Tuesday, 23 December 2014

Prinny's Seaside Palace

The Royal Pavilion, Brighton, the classic view - of the back!
Way back in 1750, Doctor Russell, a medical practitioner in Lewes, Sussex, published his Dissertation on Use of Sea Water in the Diseases of the Glands, in which he lauded the medicinal benefits of bathing in sea water. Indeed, he was so impressed with sea water that he even encouraged people to drink it.  This was some years before the birth of a son to King George III and Queen Charlotte, a son who was also christened George.

The young George, Prince of Wales, grew to enjoy an extravagant lifestyle, filled with horse racing and gambling, eating and drinking, dancing and the theatre.  By the age of 21, in 1783, he was already starting to suffer ill-health, probably a result of his way of life, and he was recommended by his physician to take the waters at Brighton, which was fast becoming a very fashionable town. 

The banqueting room.  The chandelier is 30 feet high and weighs one ton.
George - or Prinny, as he is often called - fell in love.  With Brighton and its fashionable society, its horse racing on the Downs, the meeting rooms.  And with the twice-widowed Maria Fitzherbert, whom he married both secretly an illegally. Although Prinny and Maria considered themselves married, they lived in separate houses when in Brighton - which was much of the time.  Maria lived in Steine House overlooking the Steine, the area previously used by fishermen for drying their nets which had, by then, become a fashionable promenading place.  Prinny rented a farmhouse just to the north of the Steine.  Presumably he bought this house because when in 1787 the House of Commons agreed to clear his debts and increase his income, George began to transform his Brighton farmhouse into an elegant modest villa, the Marine Pavilion.
The music room with its lotus chandeliers.

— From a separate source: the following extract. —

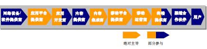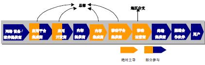 3G時代的移動通信產(chǎn)業(yè)鏈由技術(shù)平臺提供商、設(shè)備提供商、應(yīng)用平臺提供商、應(yīng)用開發(fā)商、內(nèi)容提供商、內(nèi)容集成商、移動平臺提供商、移動運(yùn)營商、終端提供商、渠道合作伙伴等市場主體構(gòu)成。移動通信產(chǎn)業(yè)鏈?zhǔn)且粋整體功能鏈狀網(wǎng)絡(luò),構(gòu)成產(chǎn)業(yè)鏈的市場主體隨著移動通信技術(shù)、市場競爭情況以及用戶需求的變化而變化。移動運(yùn)營商在產(chǎn)業(yè)鏈上發(fā)揮的作用也是不同的,每當(dāng)產(chǎn)業(yè)鏈發(fā)生變化時,移動運(yùn)營商就需要重新進(jìn)行角色定位。

It was in 1815 that Prinny employed the architect John Nash to extend and transform the Marine Pavilion.  It took eight years to bring the work to an end but Prinny, or King George IV as he was by then, only visited twice more before his death in 1830.

It was Queen Victoria who succeeded George but she disliked Brighton and especially the lack of privacy afforded by the Royal Pavilion.  In 1850 there were plans to demolish it but the Brighton Commissioners were successful in persuading the government to sell it for £53,000 and so bought the building for the town.  The purchase included the nearby royal stables which had been built to a design complementary to the Pavilion.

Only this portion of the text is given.